Saúde

Queimadas causam internação de 515 crianças no Maranhão

Dados se referem aos meses de maio e junho deste ano, segundo estudo feito pela Fundação Oswaldo Cruz; este ano, no estado, já foram registrados 10.014 focos de incêndios florestais

Nelson Melo / O Estado

Atualizada em 11/10/2022 às 12h22
No sul do Maranhão, queimadas ainda causam problemas, principalmente para a saúde respiratória de crianças
No sul do Maranhão, queimadas ainda causam problemas, principalmente para a saúde respiratória de crianças (queimadas)

Um estudo da Fundação Oswaldo Cruz (Fiocruz), por meio do Instituto de Comunicação e Informação Científica e Tecnológica em Saúde (Icict), mostrou que, em maio e junho deste ano, no Maranhão, na região da Amazônia Legal, houve, por causa das queimadas, 515 internações de crianças por problemas respiratórios. De acordo com o levantamento, foram 45 cidades atingidas, estas situadas no sul do estado. Em 2019, no território maranhense, já foram registrados 10.014 focos de incêndios florestais, de 1º de janeiro a 3 de outubro.

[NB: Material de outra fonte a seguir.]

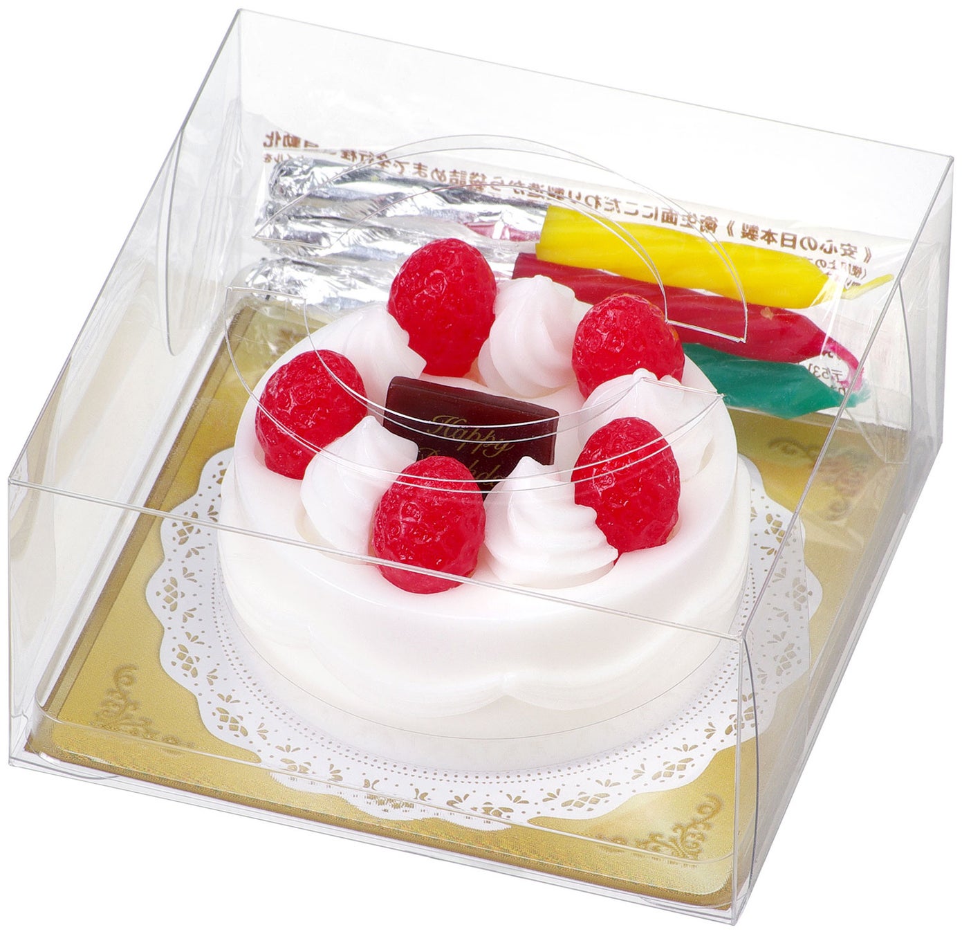 どこか懐かしさを感じる昭和レトロなレースの敷紙とゴールドのトレイ。これも昭和時代を彷彿させるオーソドックスなイチゴと生クリームのケーキをすべてロウでリアルに再現しました。バースデーキャンドルも3本ついてます。

O estudo da Fiocruz abrangeu crianças menores de 10 anos, e os resultados demonstraram que hou­ve um excesso significativo de internações em cidades dos estados do Amapá, Pará, Maranhão e Mato Grosso, que têm municípios na região da Amazônia Legal, que contém uma área de 5.217.423 km², correspondente a 61% do território brasileiro. O levantamento indicou que, para esses locais, foi o pior ano em termos de impactos à saúde infantil referente a problemas respiratórios.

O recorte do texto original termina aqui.